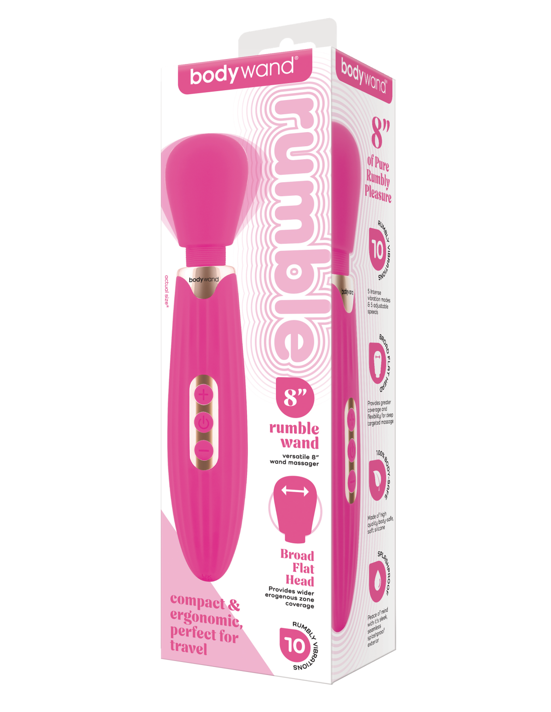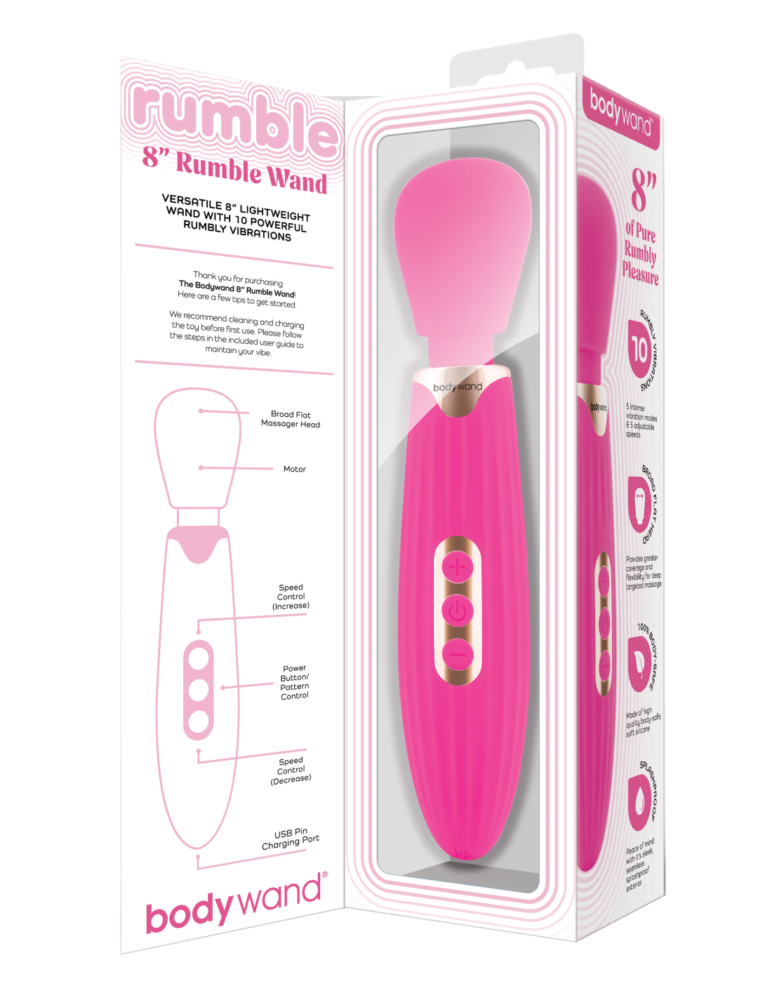 The Bodywand 8” Rumble Wand is a compact yet powerful massager designed to deliver pleasure wherever you go. The 8” Rumble Wand offers multiple functions to suit your desires with 5 vibration modes and 5 speeds to enjoy. Designed for wider erogenous zone coverage and deep targeted massage due to the broad flat head and flexible neck. Equipped with easy to use one-touch controls for effortless switching between your favorite rumbly settings, and rechargeable.
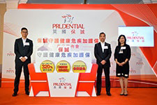保誠今天宣佈推出守護健康危疾加護保,並公佈產品三大主要特點:市場獨有「良性腫瘤額外保障」、就癌症、心臟病及中風提供高達320%的延伸保障、以及索償早期嚴重疾病保障後享有12個月保費豁免。(左起)保誠醫務總監邱家騏醫生、保誠行政總裁容佳明及保誠產品管理高級總監黃麗珍今日在產品發佈會主持揭幕儀式。
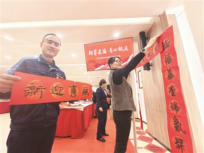 本报讯(记者 张晶)近日,“翰墨送福 匠心致远”新春笔会——走进首都工匠学院活动在北京市总工会职工大学(北京市工会干部学院)举办。现场,职工艺术家们挥毫泼墨,为劳模工匠、一线职工代表书写“福”字和新春对联,用笔墨向劳动者表达敬意。

## [Action item]
Pictures aside, print every line of the material exactly.

## [Final answer]
 The Bodywand 8” Rumble Wand is a compact yet powerful massager designed to deliver pleasure wherever you go. The 8” Rumble Wand offers multiple functions to suit your desires with 5 vibration modes and 5 speeds to enjoy. Designed for wider erogenous zone coverage and deep targeted massage due to the broad flat head and flexible neck. Equipped with easy to use one-touch controls for effortless switching between your favorite rumbly settings, and rechargeable.
保誠今天宣佈推出守護健康危疾加護保,並公佈產品三大主要特點:市場獨有「良性腫瘤額外保障」、就癌症、心臟病及中風提供高達320%的延伸保障、以及索償早期嚴重疾病保障後享有12個月保費豁免。(左起)保誠醫務總監邱家騏醫生、保誠行政總裁容佳明及保誠產品管理高級總監黃麗珍今日在產品發佈會主持揭幕儀式。
 本报讯(记者 张晶)近日,“翰墨送福 匠心致远”新春笔会——走进首都工匠学院活动在北京市总工会职工大学(北京市工会干部学院)举办。现场,职工艺术家们挥毫泼墨,为劳模工匠、一线职工代表书写“福”字和新春对联,用笔墨向劳动者表达敬意。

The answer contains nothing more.